DIRECTIONS:
Using the listing below, give again exactly the lines from the line with "This bingo card" to the line with "Roupeiro Innova 6", inclusive, without the pictures.

RECORDS PROVIDED:
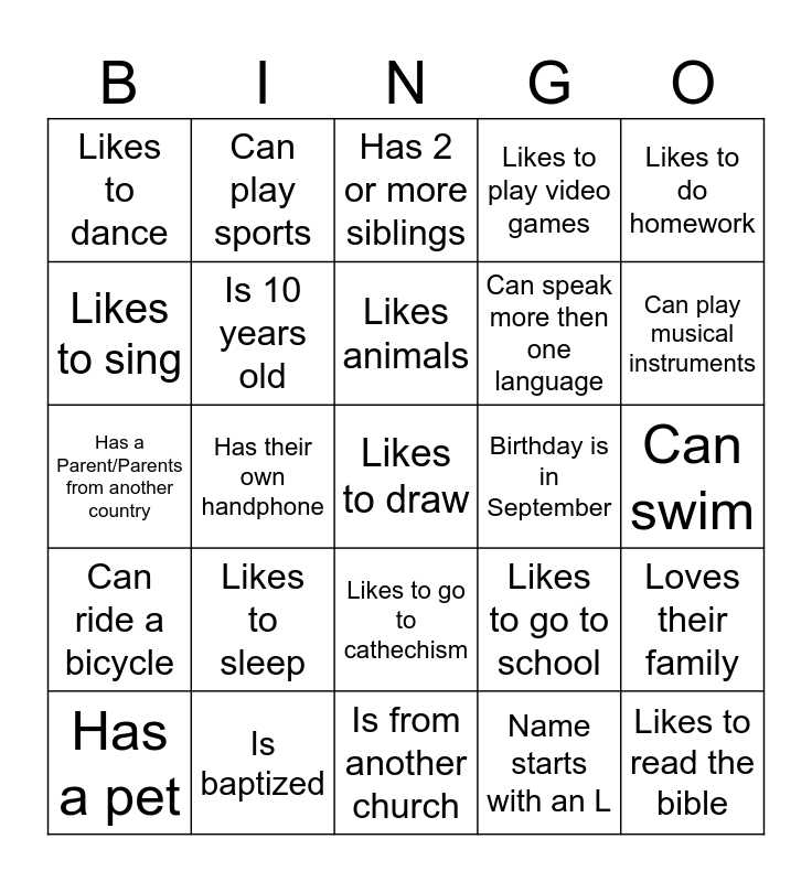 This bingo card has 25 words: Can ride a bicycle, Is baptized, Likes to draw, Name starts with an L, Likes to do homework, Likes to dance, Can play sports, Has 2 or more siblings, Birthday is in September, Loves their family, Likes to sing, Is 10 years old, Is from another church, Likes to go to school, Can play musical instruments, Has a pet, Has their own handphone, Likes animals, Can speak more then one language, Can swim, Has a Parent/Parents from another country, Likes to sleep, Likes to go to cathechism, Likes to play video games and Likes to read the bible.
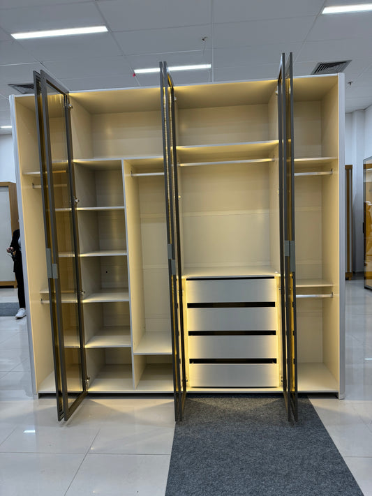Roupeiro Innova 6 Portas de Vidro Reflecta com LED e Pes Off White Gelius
...
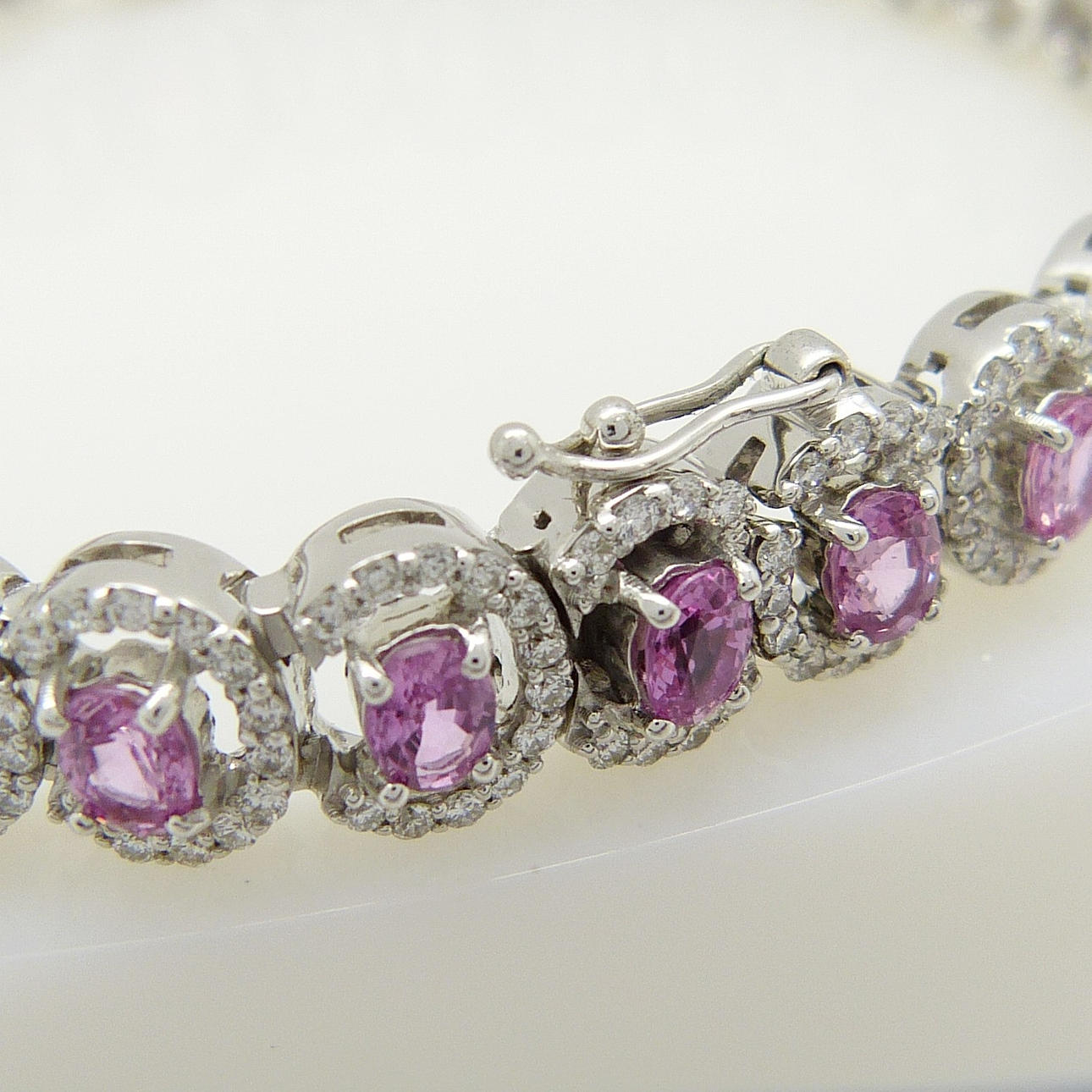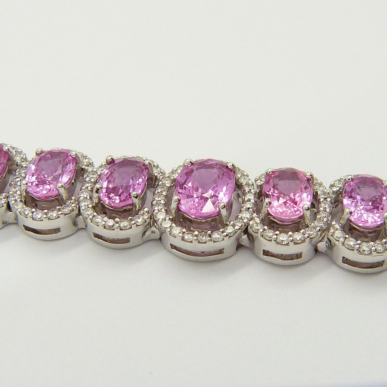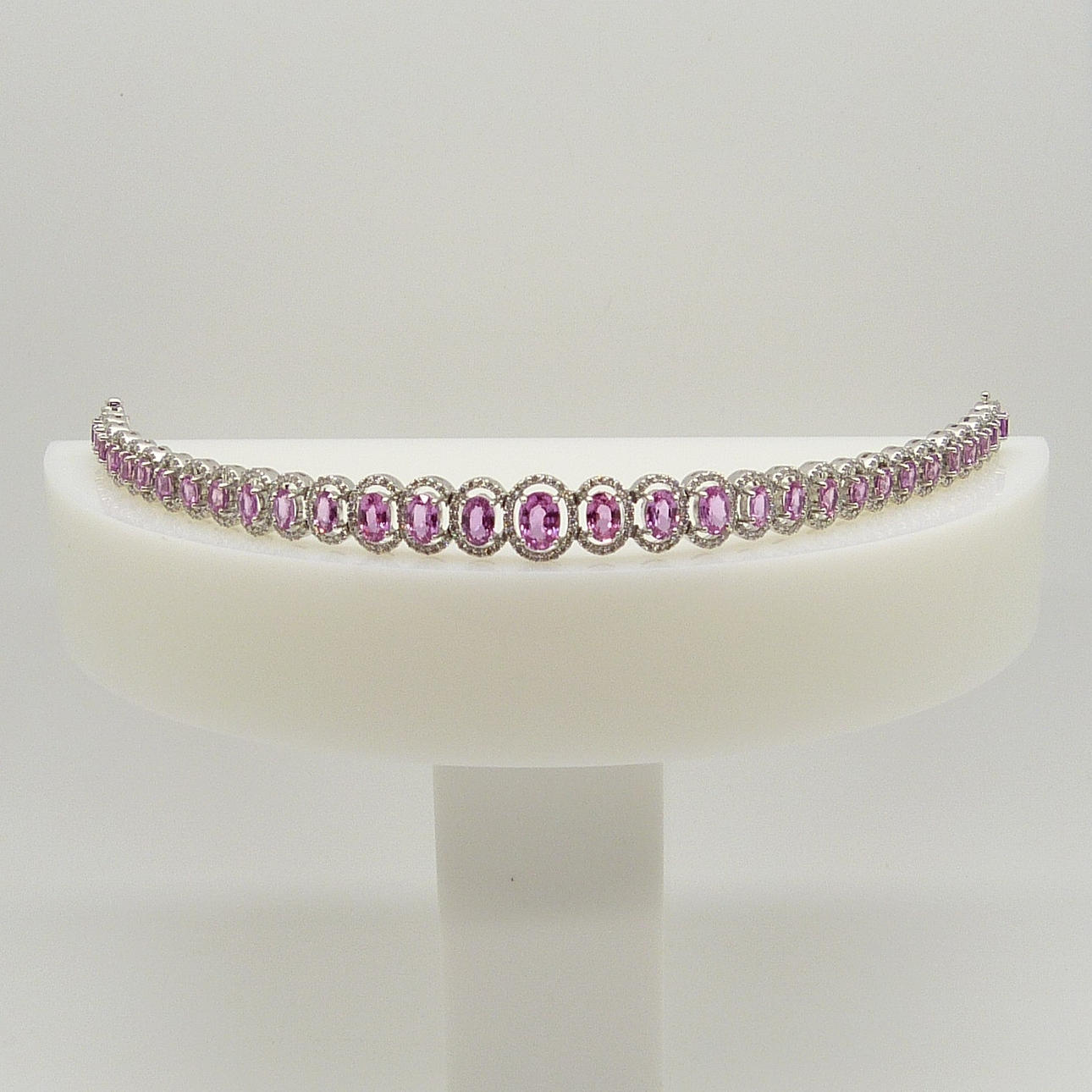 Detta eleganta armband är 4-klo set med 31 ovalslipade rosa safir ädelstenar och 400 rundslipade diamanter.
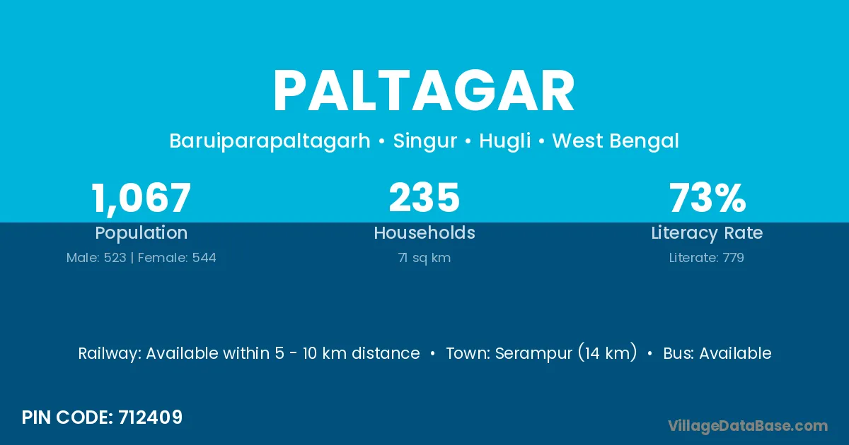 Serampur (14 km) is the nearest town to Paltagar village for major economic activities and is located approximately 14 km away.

ANSWER TO THIS PROBLEM:
 This bingo card has 25 words: Can ride a bicycle, Is baptized, Likes to draw, Name starts with an L, Likes to do homework, Likes to dance, Can play sports, Has 2 or more siblings, Birthday is in September, Loves their family, Likes to sing, Is 10 years old, Is from another church, Likes to go to school, Can play musical instruments, Has a pet, Has their own handphone, Likes animals, Can speak more then one language, Can swim, Has a Parent/Parents from another country, Likes to sleep, Likes to go to cathechism, Likes to play video games and Likes to read the bible.
Roupeiro Innova 6 Portas de Vidro Reflecta com LED e Pes Off White Gelius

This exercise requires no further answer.